Admirers of the Borodin vintage 1958 and 1964-69 can luxuriate in these fine sounding and very mellow performances. Everything is beautifully organised and in particular the tonal qualities of the quartet are wonderfully rich and ripe. The Dubinsky-Alexandrov-Shebalin-Berlinsky foursome had very fixed ideas as to this repertoire and that clearly extended to the question of repeats.  In the Mozart Quartet for instance we find repeats well treated in the inner but limited in the outer movements. This however can be persuasively seen as an approach deriving from time and place and I doubt that it will materially impede appreciation of the playing per se.

That performance of K421 stands at the mid-point in time of these three recordings and was taped in 1964. For all the ardent romanticism of the reading there will be many who would consider this – indeed would have considered it back in the mid 1960s – as an imposition of tonal breadth on genuine interpretative freedoms. True there are most attractive things in the trio of the Minuet but the grand seigniorial approach can sap the music making; rhythmic devitalisation is often the result.

Their performance of the Clarinet Quintet with a distinguished colleague, Ivan Mozgovenko, shows similar tendencies - ones, I have to say, with which the clarinettist sounds entirely comfortable. Mellifluous and sonorous – you can hardly miss the very pronounced “bass line” cello of Berlinsky – this is a reading that exalts rarefied beauty but at the expense of inner dynamism. Earlier players such as Kell and his various quartet colleagues often played as slowly but invariably with greater incision and stronger complements of accents and dynamic variation. The result, to my ears at any rate, is that the Mozgovenko-Borodin team sounds lateral and in truth, inert.

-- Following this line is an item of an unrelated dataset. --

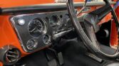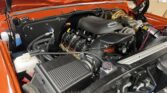 This car is powered by a replacement 5.3-liter Vortec V8 paired with a four-speed automatic transmission and a dual-range transfer case. Equipment includes an Off Road Design suspension, 18″ wheels, Flowmaster exhaust, an aluminum radiator, air conditioning, cruise control, Dakota Digital gauges, and a Bluetooth stereo. A subsequent refurbishment is said to have included rust repair, replacing the side sills, patching the quarter panels, repainting the body in Viper Orange, and reupholstering the interior in black vinyl with plaid inserts.
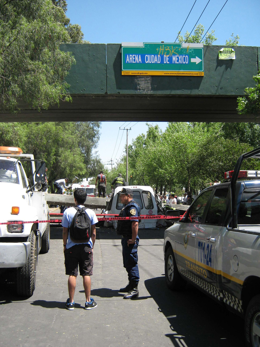20320046. México, D.F.- En el Eje 5 norte un puente peatonal se colapsó sobre un microbús, en la delegación Azcapotzalco. No se reportan lesionados.

The Haydn is the earliest of the recordings. The 1958 group had been together since the early 50s and were already fully armed. But this is a Haydn that sounds, even for the late 1950s, rather too smoothed out and lacking appropriate grit. The intense warmth of the collective vibrato tends to dampen the quixotic and to impede momentum – in this of all quartets.

This is part of a series of Melodiya reissues after a period in which companies such as Aulos had access to the master tapes and issued them using DSD remastering. You should note that K421 was coupled with the Brahms Clarinet Quintet (Mozgovenko again) and issued on Chandos H10151.